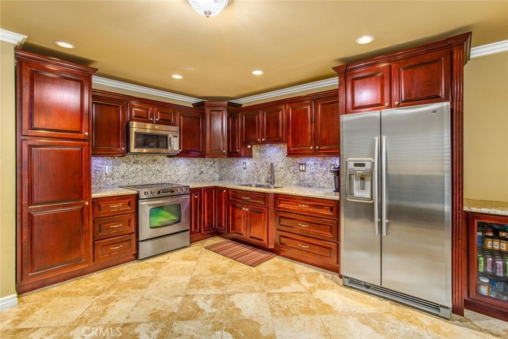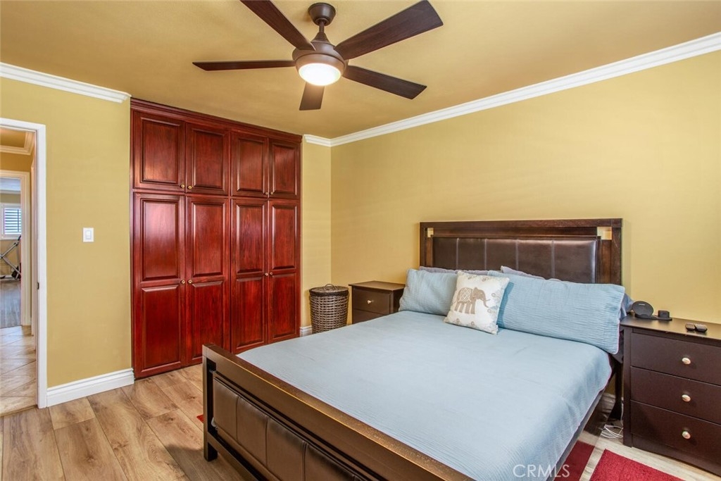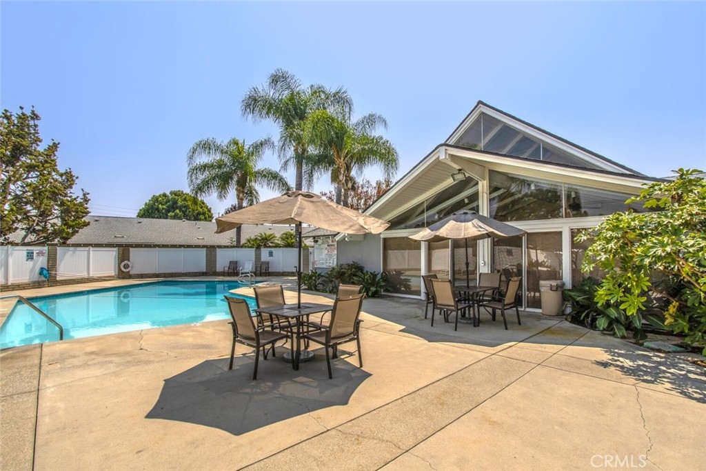Wonderful, heavily-upgraded end-unit condo, at an ideal location in a phenomenal school district! Wide-open living room where you will first notice the louvred shutters, recessed lighting, exceptional crown and base molding, cooling Mediterranean tiled flooring, and modern ceiling fans and fixtures that you will find throughout the home. The living room flows to a fully updated kitchen as well as an additional family/dining area with distinctive tiled fireplace and patio exit highlighted by sliding shutter doors. Passing through the French-door entry to the private bedroom wing, you will find in-unit laundry as well as bedroom suites on either end. Both full bathrooms feature complete head-to-toe renovations, with tiled shower enclosures, in-shower lighting, and rainfall shower fixtures. Master suite also exits to private patio with decking. A peaceful, highly-maintained community grounds offer walking paths/dog paths, sparkling pool, BBQ/cabana area, and clubhouse as well as wide-open green spaces. Ideal OC location near the 22, 55, and 5 freeways as well as walking distance from coffee, groceries, and shopping. Highly renowned Tustin Unified School District, including Foothill High School! Perfect for the commuter, professional, downsizer, or small family—this community loves its neighbors, and you will love this community!
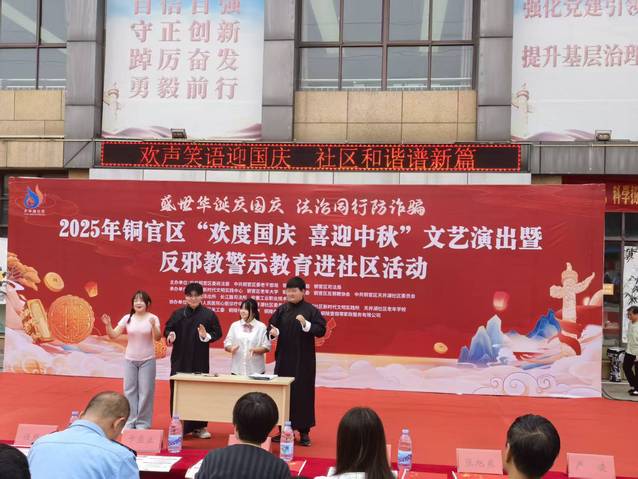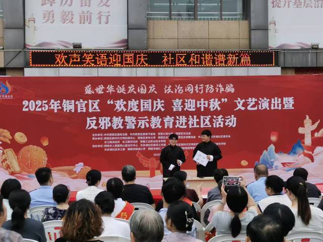 9月28日上午,天井湖社区党群服务中心广场人潮涌动,一场以“盛世华诞庆国庆 法治同行防诈骗”为主题的迎国庆暨反邪教警示教育文艺汇演在此火热上演。由安徽工业职业技术学院青曦话剧社精心打造的原创反电诈群口相声《校园反诈修炼手册》,凭借贴近现实的题材、幽默生动的演绎,成为全场焦点,赢得观众阵阵喝彩,为构建校园安全“防火墙”注入青春活力。以青春之名,担时代之责。安徽工业职业技术学院青曦话剧社用一场精彩的演出,诠释了新时代青年的智慧与担当,为共建平安社会交出了一份亮眼的青春答卷。
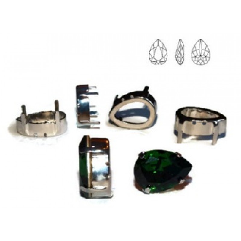 Metāla rāmis SWAROVSKI 4320 bumbiera formas kristāliem. Izmērs 18x13mm, četri caurumi, vaļēja aizmugure, rāmja augstums 5mm.
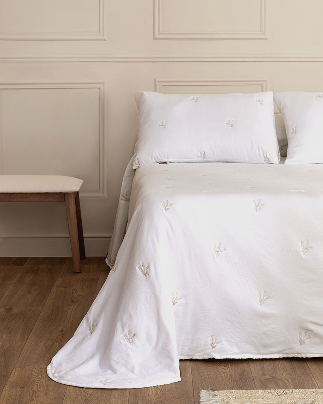 La colcha bordada Palma de Don Algodón es la elección predilecta para quienes buscan un dormitorio con carácter y serenidad. Su diseño bordado crea un juego de relieves sutiles que aportan volumen y una estética premium a tu cama, elevando la decoración sin necesidad de complementos estridentes
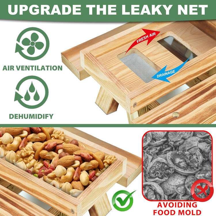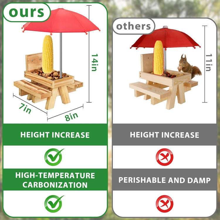 Outside Funny Chipmunk Picnic Table Waterproof Feeder Corn Cob Holder Carbonized Wood Squirrel Feeder With Umbrella
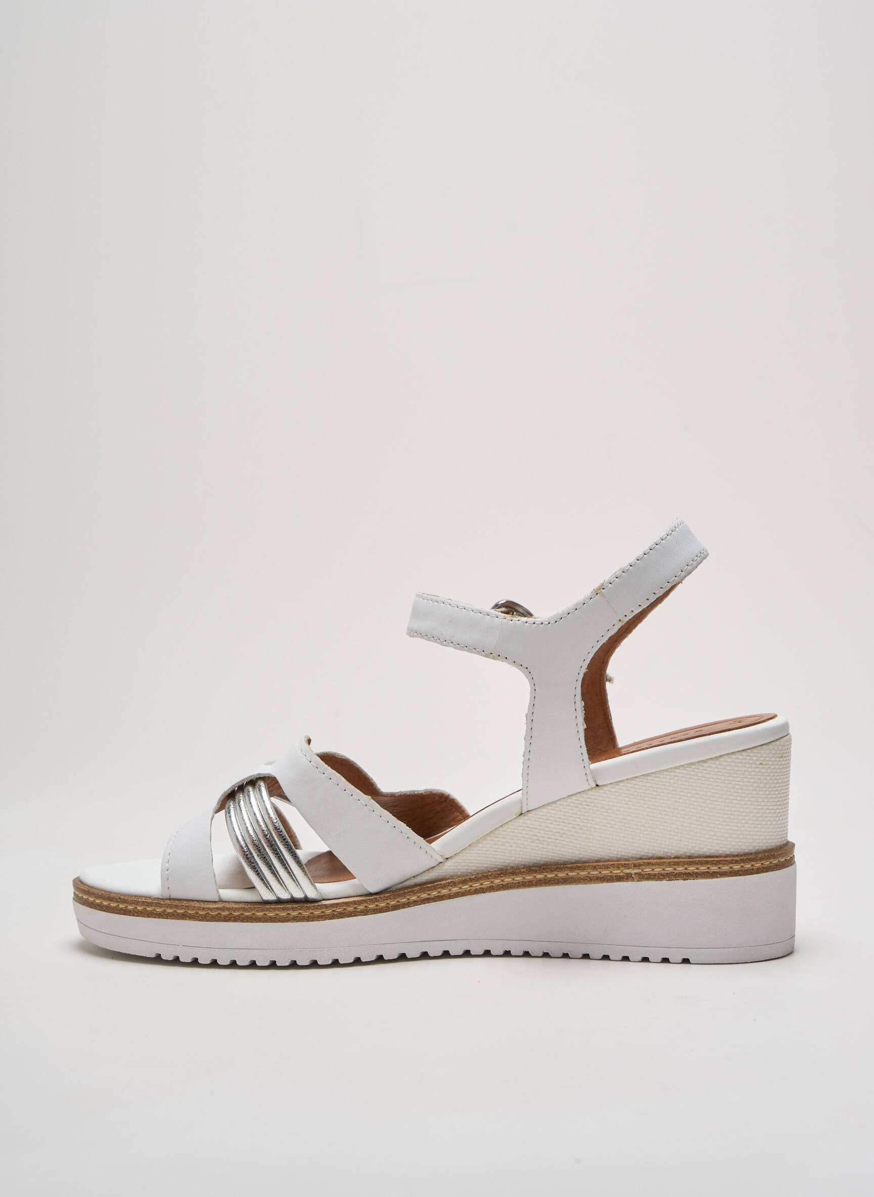 Imaginez une balade ensoleillée où chaque pas rime avec élégance et confort, c'est ce que promet cette sandale Tamaris. Cette pièce allie une semelle compensée en blanc cassé subtilement texturée à une tige en cuir blanc scintillant, ornée de fines brides croisées qui laissent respirer le pied tout en soulignant sa féminité. La boucle en forme de cœur argentée à la bride cheville apporte une touche délicate et raffinée, faisant de cette sandale un indispensable pour une allure à la fois chic et décontractée.
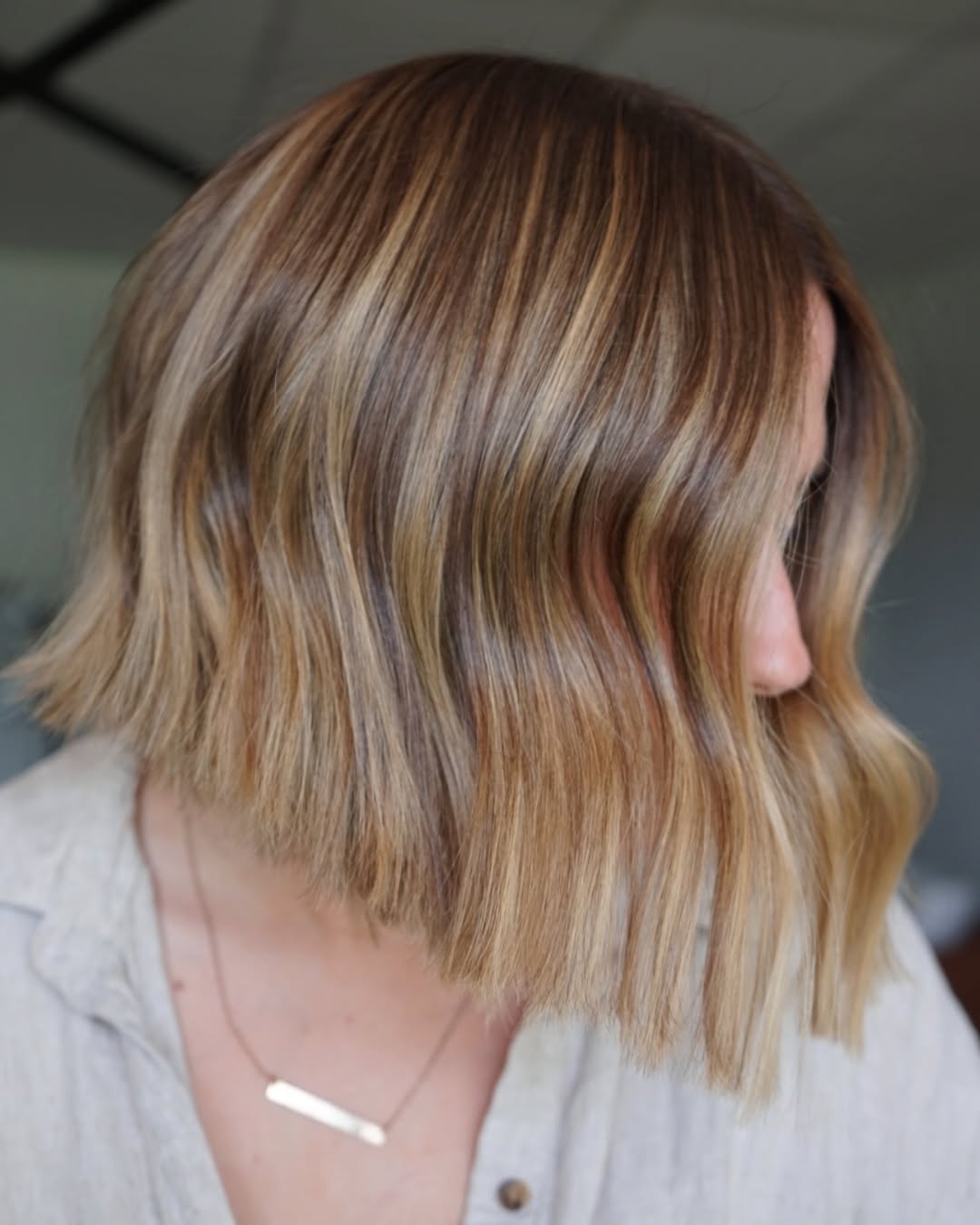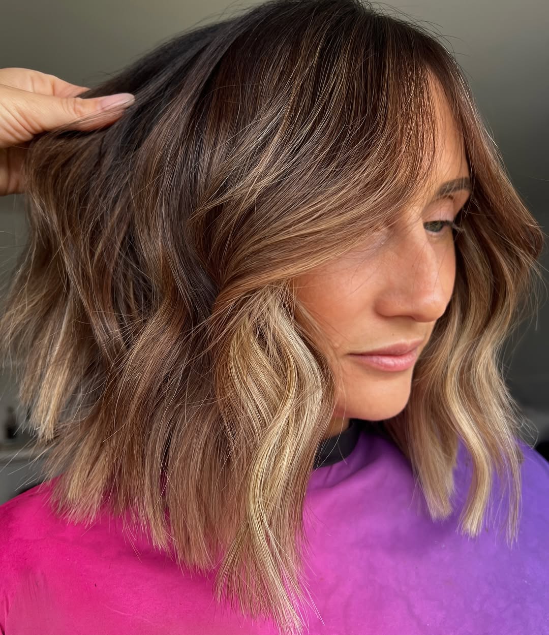 This trim is styled to appear softer and more romantic. If you like extra volume, add some soft, textured waves throughout the length. Paired with a warm brown balayage, the haircut looks stylish and elegant.

######

- **Work instructions**:
The answer must consist of the entries above, reproduced word for word, without any pictures.

- **Solution**:
Wonderful, heavily-upgraded end-unit condo, at an ideal location in a phenomenal school district! Wide-open living room where you will first notice the louvred shutters, recessed lighting, exceptional crown and base molding, cooling Mediterranean tiled flooring, and modern ceiling fans and fixtures that you will find throughout the home. The living room flows to a fully updated kitchen as well as an additional family/dining area with distinctive tiled fireplace and patio exit highlighted by sliding shutter doors. Passing through the French-door entry to the private bedroom wing, you will find in-unit laundry as well as bedroom suites on either end. Both full bathrooms feature complete head-to-toe renovations, with tiled shower enclosures, in-shower lighting, and rainfall shower fixtures. Master suite also exits to private patio with decking. A peaceful, highly-maintained community grounds offer walking paths/dog paths, sparkling pool, BBQ/cabana area, and clubhouse as well as wide-open green spaces. Ideal OC location near the 22, 55, and 5 freeways as well as walking distance from coffee, groceries, and shopping. Highly renowned Tustin Unified School District, including Foothill High School! Perfect for the commuter, professional, downsizer, or small family—this community loves its neighbors, and you will love this community!
 9月28日上午,天井湖社区党群服务中心广场人潮涌动,一场以“盛世华诞庆国庆 法治同行防诈骗”为主题的迎国庆暨反邪教警示教育文艺汇演在此火热上演。由安徽工业职业技术学院青曦话剧社精心打造的原创反电诈群口相声《校园反诈修炼手册》,凭借贴近现实的题材、幽默生动的演绎,成为全场焦点,赢得观众阵阵喝彩,为构建校园安全“防火墙”注入青春活力。以青春之名,担时代之责。安徽工业职业技术学院青曦话剧社用一场精彩的演出,诠释了新时代青年的智慧与担当,为共建平安社会交出了一份亮眼的青春答卷。
 Metāla rāmis SWAROVSKI 4320 bumbiera formas kristāliem. Izmērs 18x13mm, četri caurumi, vaļēja aizmugure, rāmja augstums 5mm.
 La colcha bordada Palma de Don Algodón es la elección predilecta para quienes buscan un dormitorio con carácter y serenidad. Su diseño bordado crea un juego de relieves sutiles que aportan volumen y una estética premium a tu cama, elevando la decoración sin necesidad de complementos estridentes
 Outside Funny Chipmunk Picnic Table Waterproof Feeder Corn Cob Holder Carbonized Wood Squirrel Feeder With Umbrella
 Imaginez une balade ensoleillée où chaque pas rime avec élégance et confort, c'est ce que promet cette sandale Tamaris. Cette pièce allie une semelle compensée en blanc cassé subtilement texturée à une tige en cuir blanc scintillant, ornée de fines brides croisées qui laissent respirer le pied tout en soulignant sa féminité. La boucle en forme de cœur argentée à la bride cheville apporte une touche délicate et raffinée, faisant de cette sandale un indispensable pour une allure à la fois chic et décontractée.
 This trim is styled to appear softer and more romantic. If you like extra volume, add some soft, textured waves throughout the length. Paired with a warm brown balayage, the haircut looks stylish and elegant.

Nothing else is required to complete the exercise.